### SOURCE MATERIAL
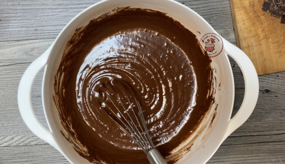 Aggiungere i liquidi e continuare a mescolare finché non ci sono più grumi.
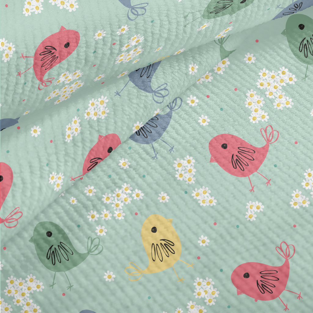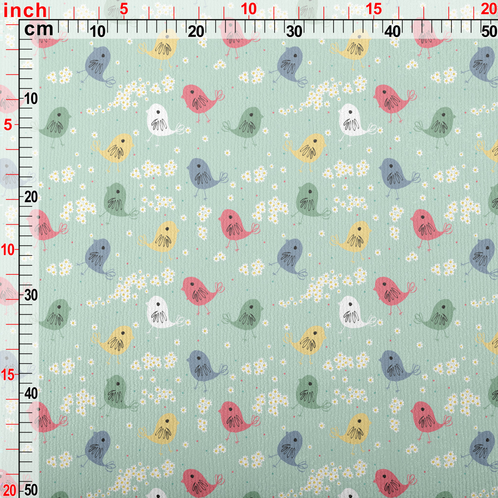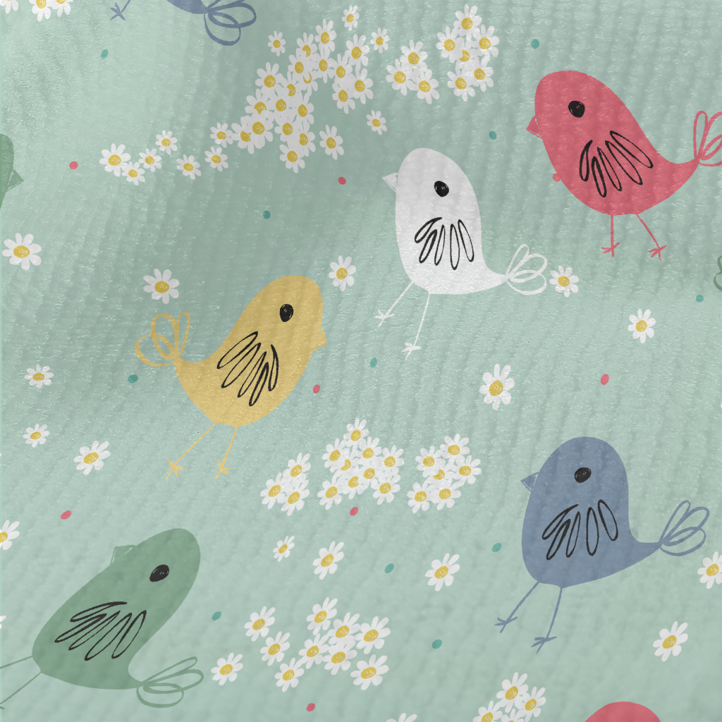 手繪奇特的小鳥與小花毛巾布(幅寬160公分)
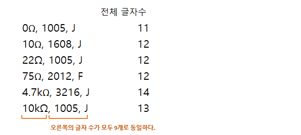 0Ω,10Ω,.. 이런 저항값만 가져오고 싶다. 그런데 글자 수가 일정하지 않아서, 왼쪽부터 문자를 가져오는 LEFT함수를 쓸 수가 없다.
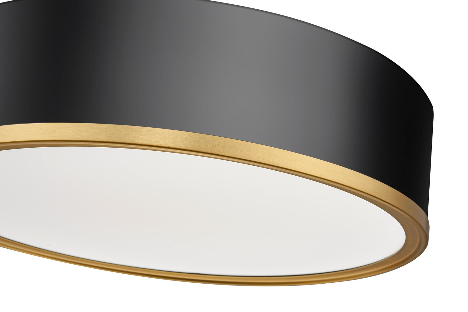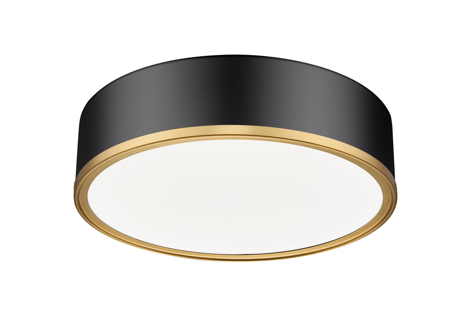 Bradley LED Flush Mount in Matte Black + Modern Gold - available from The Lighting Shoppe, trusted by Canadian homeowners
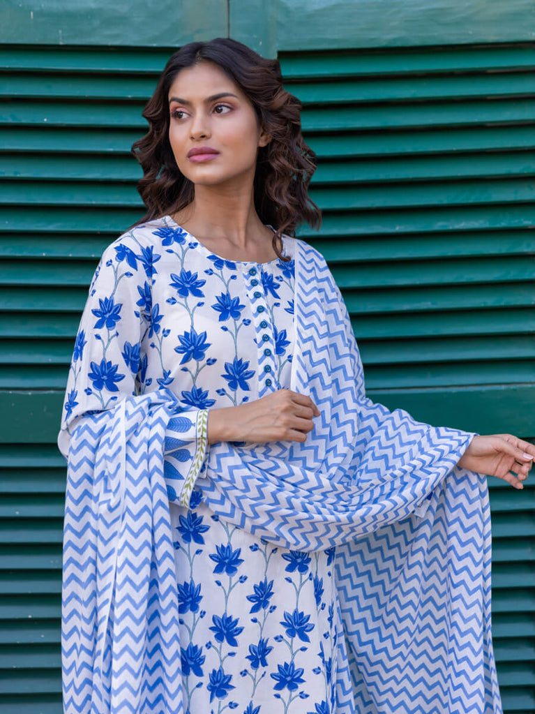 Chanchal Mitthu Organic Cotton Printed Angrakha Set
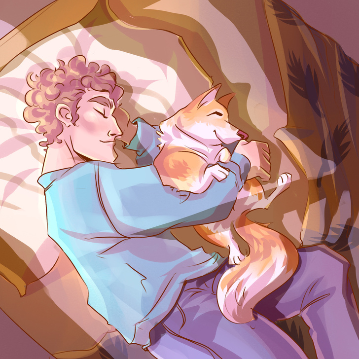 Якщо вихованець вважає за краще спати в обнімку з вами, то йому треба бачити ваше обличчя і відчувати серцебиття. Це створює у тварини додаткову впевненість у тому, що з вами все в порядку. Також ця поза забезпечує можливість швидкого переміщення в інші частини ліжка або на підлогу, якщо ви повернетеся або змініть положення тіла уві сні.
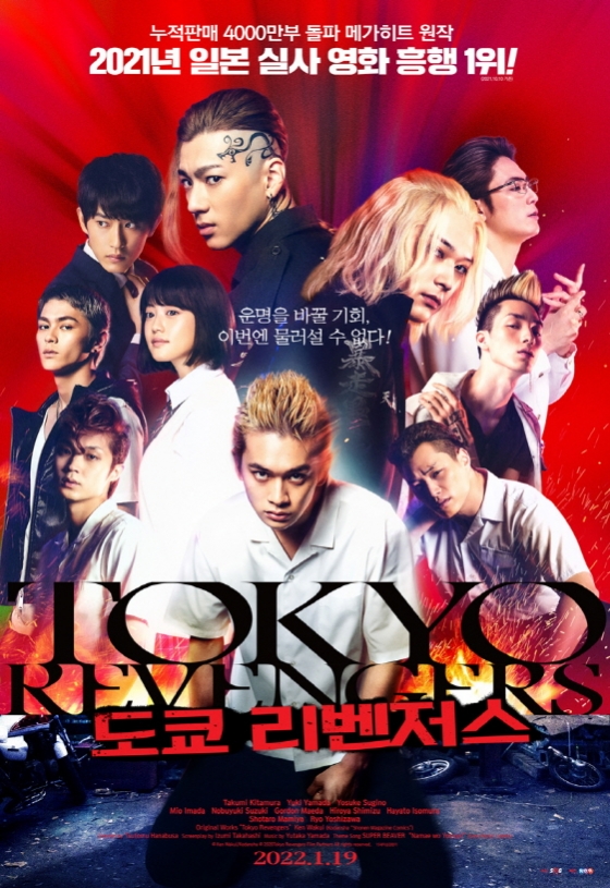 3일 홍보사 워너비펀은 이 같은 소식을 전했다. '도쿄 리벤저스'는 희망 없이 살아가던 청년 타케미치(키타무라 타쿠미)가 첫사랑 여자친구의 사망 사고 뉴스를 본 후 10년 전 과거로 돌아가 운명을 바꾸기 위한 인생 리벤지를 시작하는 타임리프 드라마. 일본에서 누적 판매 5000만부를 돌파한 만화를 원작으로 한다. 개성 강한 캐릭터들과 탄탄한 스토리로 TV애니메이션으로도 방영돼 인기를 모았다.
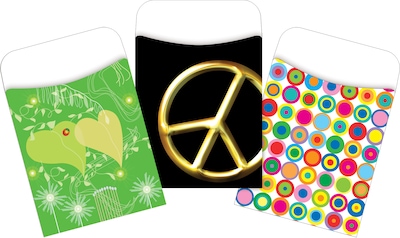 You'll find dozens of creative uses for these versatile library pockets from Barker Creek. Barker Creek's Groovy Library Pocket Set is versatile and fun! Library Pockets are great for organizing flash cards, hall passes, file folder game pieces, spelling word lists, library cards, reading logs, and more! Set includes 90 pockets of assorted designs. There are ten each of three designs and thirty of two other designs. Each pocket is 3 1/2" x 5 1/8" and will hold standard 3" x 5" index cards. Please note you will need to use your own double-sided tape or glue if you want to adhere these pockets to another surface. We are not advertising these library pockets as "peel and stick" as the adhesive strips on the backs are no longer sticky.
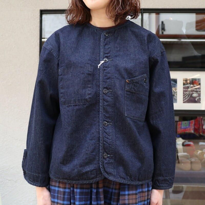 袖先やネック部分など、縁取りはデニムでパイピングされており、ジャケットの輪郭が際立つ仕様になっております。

### WHAT TO DO
All of the data above is to be repeated exactly, with the pictures left out.

### TASK OUTPUT
 Aggiungere i liquidi e continuare a mescolare finché non ci sono più grumi.
 手繪奇特的小鳥與小花毛巾布(幅寬160公分)
 0Ω,10Ω,.. 이런 저항값만 가져오고 싶다. 그런데 글자 수가 일정하지 않아서, 왼쪽부터 문자를 가져오는 LEFT함수를 쓸 수가 없다.
 Bradley LED Flush Mount in Matte Black + Modern Gold - available from The Lighting Shoppe, trusted by Canadian homeowners
 Chanchal Mitthu Organic Cotton Printed Angrakha Set
 Якщо вихованець вважає за краще спати в обнімку з вами, то йому треба бачити ваше обличчя і відчувати серцебиття. Це створює у тварини додаткову впевненість у тому, що з вами все в порядку. Також ця поза забезпечує можливість швидкого переміщення в інші частини ліжка або на підлогу, якщо ви повернетеся або змініть положення тіла уві сні.
 3일 홍보사 워너비펀은 이 같은 소식을 전했다. '도쿄 리벤저스'는 희망 없이 살아가던 청년 타케미치(키타무라 타쿠미)가 첫사랑 여자친구의 사망 사고 뉴스를 본 후 10년 전 과거로 돌아가 운명을 바꾸기 위한 인생 리벤지를 시작하는 타임리프 드라마. 일본에서 누적 판매 5000만부를 돌파한 만화를 원작으로 한다. 개성 강한 캐릭터들과 탄탄한 스토리로 TV애니메이션으로도 방영돼 인기를 모았다.
 You'll find dozens of creative uses for these versatile library pockets from Barker Creek. Barker Creek's Groovy Library Pocket Set is versatile and fun! Library Pockets are great for organizing flash cards, hall passes, file folder game pieces, spelling word lists, library cards, reading logs, and more! Set includes 90 pockets of assorted designs. There are ten each of three designs and thirty of two other designs. Each pocket is 3 1/2" x 5 1/8" and will hold standard 3" x 5" index cards. Please note you will need to use your own double-sided tape or glue if you want to adhere these pockets to another surface. We are not advertising these library pockets as "peel and stick" as the adhesive strips on the backs are no longer sticky.
 袖先やネック部分など、縁取りはデニムでパイピングされており、ジャケットの輪郭が際立つ仕様になっております。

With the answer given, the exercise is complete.